>>>

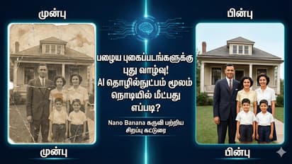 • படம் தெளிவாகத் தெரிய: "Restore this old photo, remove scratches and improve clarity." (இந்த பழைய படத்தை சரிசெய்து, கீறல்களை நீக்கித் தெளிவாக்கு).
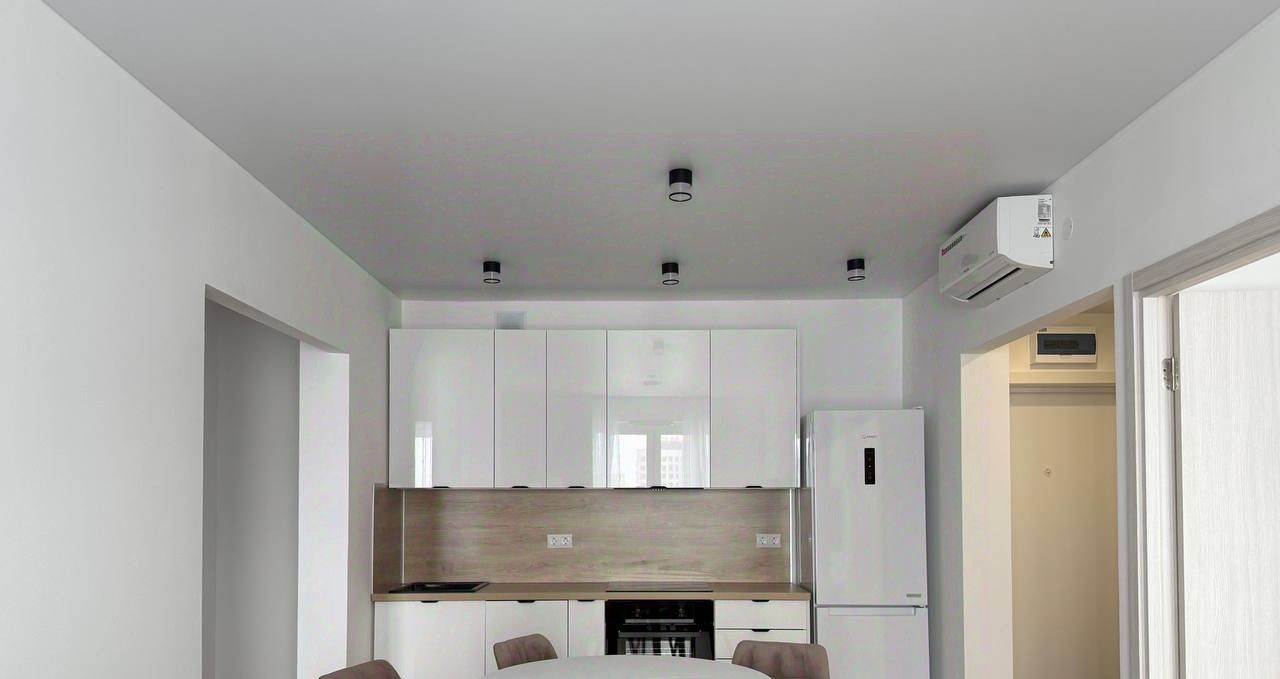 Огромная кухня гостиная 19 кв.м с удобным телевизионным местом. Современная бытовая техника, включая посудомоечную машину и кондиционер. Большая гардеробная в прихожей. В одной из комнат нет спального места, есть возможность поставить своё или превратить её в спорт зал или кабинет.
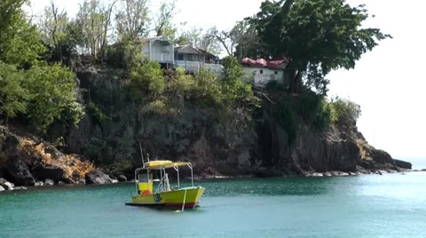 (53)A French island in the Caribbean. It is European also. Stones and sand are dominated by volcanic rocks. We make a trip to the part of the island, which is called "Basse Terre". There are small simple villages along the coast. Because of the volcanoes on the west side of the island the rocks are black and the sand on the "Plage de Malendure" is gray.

<<<

WHAT TO DO ->
Only the lines from the one containing "Огромная кухня гостиная" through the final line of the listing should be reproduced, exactly and with no pictures.

YOUR SOLUTION ->
 Огромная кухня гостиная 19 кв.м с удобным телевизионным местом. Современная бытовая техника, включая посудомоечную машину и кондиционер. Большая гардеробная в прихожей. В одной из комнат нет спального места, есть возможность поставить своё или превратить её в спорт зал или кабинет.
 (53)A French island in the Caribbean. It is European also. Stones and sand are dominated by volcanic rocks. We make a trip to the part of the island, which is called "Basse Terre". There are small simple villages along the coast. Because of the volcanoes on the west side of the island the rocks are black and the sand on the "Plage de Malendure" is gray.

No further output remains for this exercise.